BEGIN PROVIDED DATA

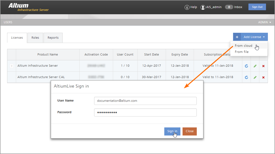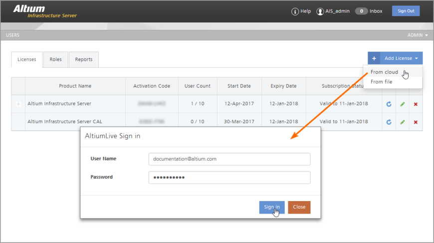 The first step to managing and distributing Altium software licenses to workstations on the network is acquiring those licenses from Altium's cloud-based License Server, via the AltiumLive portal. This is performed through the server's License Manager page, from the From Cloud option of the
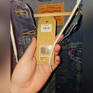 Levis Jean Jacket Boys Girls Blue Denim Gray Hoodie W. Hood Sizs XS BNWTs
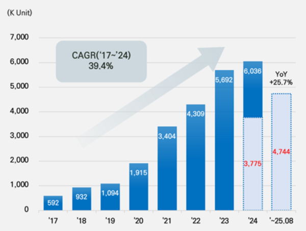 지역별로 살펴보면, 유럽은 같은 기간 256.1만대, 32% 성장으로 점유율은 54%로 증가했다. 강화된 탄소 규제가 수요 회복을 이끌었으나, 중국산 전기차의 점유율 확대가 가격 경쟁을 더욱 심화시키는 양상이다. BYD, NIO, Xpeng 등 중국 완성차의 헝가리, 스페인 등 현지 투자 본격화와 함께, 역내 생산 유도 정책과 대중국 견제 조치가 충돌하며 정책 리스크가 공존하고 있는 상태이다.
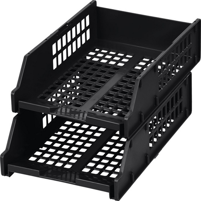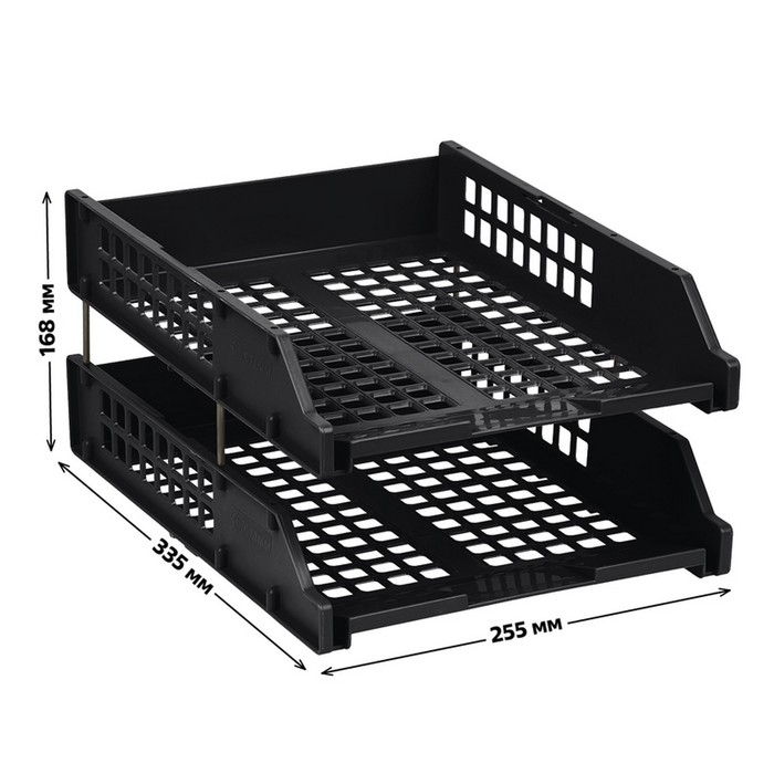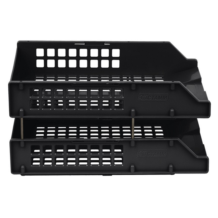 Набор лотков для бумаг горизонтальных Стамм STRONG, 2 штуки, на металлических стержнях, чёрный

END PROVIDED DATA

→ **TASK REQUIREMENTS**
Copy out the data above exactly, except the pictures.

→ **SOLUTION TO THE PROBLEM**
 The first step to managing and distributing Altium software licenses to workstations on the network is acquiring those licenses from Altium's cloud-based License Server, via the AltiumLive portal. This is performed through the server's License Manager page, from the From Cloud option of the
 Levis Jean Jacket Boys Girls Blue Denim Gray Hoodie W. Hood Sizs XS BNWTs
 지역별로 살펴보면, 유럽은 같은 기간 256.1만대, 32% 성장으로 점유율은 54%로 증가했다. 강화된 탄소 규제가 수요 회복을 이끌었으나, 중국산 전기차의 점유율 확대가 가격 경쟁을 더욱 심화시키는 양상이다. BYD, NIO, Xpeng 등 중국 완성차의 헝가리, 스페인 등 현지 투자 본격화와 함께, 역내 생산 유도 정책과 대중국 견제 조치가 충돌하며 정책 리스크가 공존하고 있는 상태이다.
 Набор лотков для бумаг горизонтальных Стамм STRONG, 2 штуки, на металлических стержнях, чёрный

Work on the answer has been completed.